Because of these factors, cancer patients are turning to compassion clubs for help. According to Phillipe Lucas, who has set up a compassion club for cancer patients, "Compassion clubs are serving more people than Health Canada, we're creating a better supply than Health Canada. And we're doing more legitimate research than Health Canada and we're doing all of this at no cost to the taxpayer." Marijuana is classified as an illegal drug. Putting aside your opinion on whether marijuana should be legalized -- right now it is not legal -- and essentially this is making criminals out of cancer patients. Unless you are a cancer patient who has experienced the grueling cruel side-effects of chemotherapy, or the persistent pain of cancer, you might not appreciate that there are a limited number of drugs that work to alleviate side-effects and physical pain. Sometimes none of the prescription drugs work. For some cancer patients, marijuana seems to work.

Patients in pain do not seek treatment

A Mayo Clinic College of Medicine study finds more than 20 percent of cancer patients in chronic pain do not ask for pain medicine or help with pain management. The researchers, who refer to these patients as "silent sufferers," admit they do not report pain to their physician. Researchers of this study say that the reasons for not seeking pain relief are unclear, but speculate some of the reasons may be poor previous experiences with pain care, perceived lack of effective treatments, and barriers to health care from a lack of medical insurance. 
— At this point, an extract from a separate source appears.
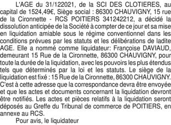 SCI DES CLOTIERES - disso - FDU
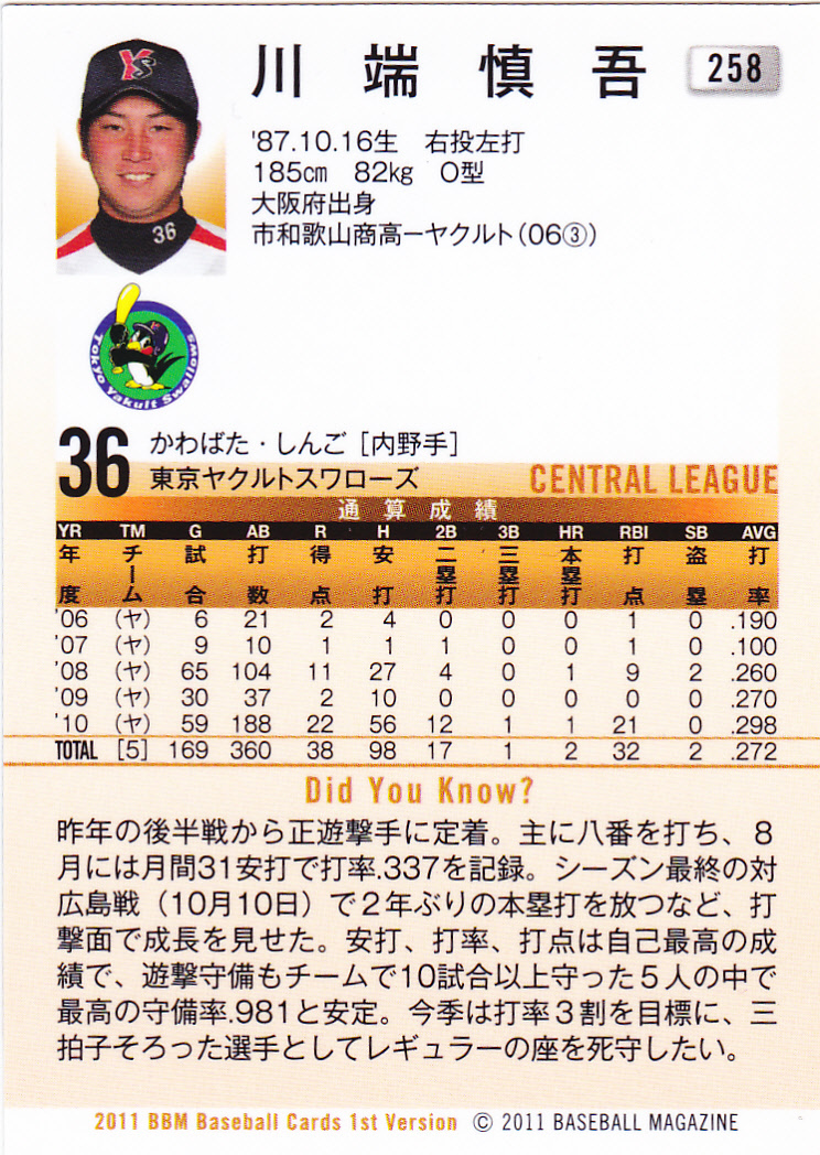 2011BBMベースボールカード1st 258 川端慎吾 ヤクルト 大阪府 和歌山商業高校

As a cancer survivor with long-term chronic pain issues, I can share a perspective and experience not clearly stated in this study, that other cancer patients with chronic pain know all too well, when seeking pain relief from physicians. There are no easy answers when it comes to pain management. The most effective pain management relief comes from the prescription of narcotic medication. Regular use of narcotic medication to relieve pain may lead to drug dependence. Narcotic pain medication is heavily monitored by the DEA, and many physicians are reluctant to draw attention to their practice by prescribing narcotic pain medication. My guess is that the 20 percent of cancer patients with chronic pain gave up, somewhere in the process, after being put in a position of being made to feel like a drug addict, or having to fight for effective medical care for a real medical condition. The pain becomes easier to deal with, than the ordeal of trying to get help for pain relief.